Por outro lado, encontramos na expressão em dança, os movimentos poéticos. Aristóteles[2] comenta que a linguagem poética é antes de tudo concebida como transgressão da norma da linguagem do cotidiano; o poeta deve se distanciar da banalidade do uso corrente[3] para surpreender o leitor e sobretudo provocar o surgimento da beleza[4]. De onde surge a importância acordada à metáfora. Desta maneira, na Arte Coreográfica, os dançarinos se utilizam dos movimentos do cotidiano ou banais, mas de maneira metafórica afim de recriar os movimentos à partir da experiência pessoal de cada um. Assim, a expressão poética não demanda uma cópia tal qual o mundo real, mas a expressão da percepção do mundo apreendido.
Isso porque a arte de um modo geral não tem a intenção de significar, assim como não tem funcionalidade. Não dançamos para transmitir algo preciso, pois a dança não tem a objetividade da comunicação da linguagem verbal. Para José Gil[5]: O gesto dançado, a menos que tenha sido concebido(codificado) para apresentar certa significação precisa, não quer dizer um sentido que a linguagem articulada poderia traduzir de maneira fiel e exaustiva. O gesto é gratuito, transporta e guarda para si o mistério do seu sentido e da sua fruição.
Isso quer dizer que quando me sirvo da linguagem falada e me refiro à fruta laranja, o sentido da palavra laranja me remete à sensação do sabor da fruta e eu identifico nessa palavra a forma, a cor e o sabor da laranja. Já quando eu me expresso através da dança, busco exprimir uma maneira de sentir, e não um sentimento particular. Os gestos são abstratos e os sentidos comportam um horizonte infinito que não se esgota através da tradução em palavras. O que eu quero dizer é que na dança não se pretende exprimir afetos categoriais, ou seja, aqueles que têm um significado intrínseco; o gesto dançado não exprime um signo previamente codificado e não acrescenta significação ao sentido. Gil[6] considera que o que caracteriza o gesto dançado é:  [...]o fato de ele nunca ir até o final de si próprio. [Acrescenta] No movimento que se desdobra, retém-se, regressa sobre si mesmo e prolonga-se no gesto seguinte. Neste sentido não tem contorno, tem apenas um enredor, esquiva-se aos seus próprios limites, escapa a si próprio.
Dançar não é o mesmo que somente movimentar o corpo. Quando alguém dança em uma boate, por exemplo, a pessoa se move segundo o ritmo imposto por uma música. Normalmente, quando estão se movendo, as pessoas não têm sequer consciência das qualidades de seus movimentos, dos músculos e articulações que estão em jogo.
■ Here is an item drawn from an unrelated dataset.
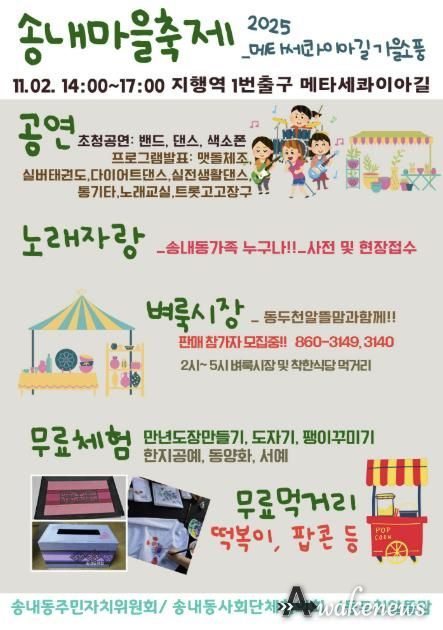 어웨이크뉴스 오경하 기자 | 동두천시 송내동 주민자치위원회는 오는 11월 2일 오후 2시부터 지행역 1번 출구 메타세콰이아길에서 ‘2025 송내마을축제’를 개최한다고 밝혔다.

Pode acontecer da pessoa repetir os mesmos movimentos durante toda a noite sem perceber o que realmente está fazendo. Neste caso, trata-se de movimentos mecanizados e não da dança que conhecemos como tal. É importante sublinhar que a dança comporta diferentes manifestações como as danças sociais das boates e das festas, as danças tradicionais de uma determinada cultura, as danças sagradas e rituais para reverenciar as divindades. Sendo assim, as funções de entreter, celebrar, cultuar e preservar tradições dessas danças (sociais, tradicionais, sagradas) as distinguem da expressão artística, ou seja da Arte Coreográfica. Mas existe uma tendência a denominar dança, tudo o que se refere aos movimentos corporais, como se pudéssemos denominar musica, todos os sons, inclusive às buzinas de carro no trânsito.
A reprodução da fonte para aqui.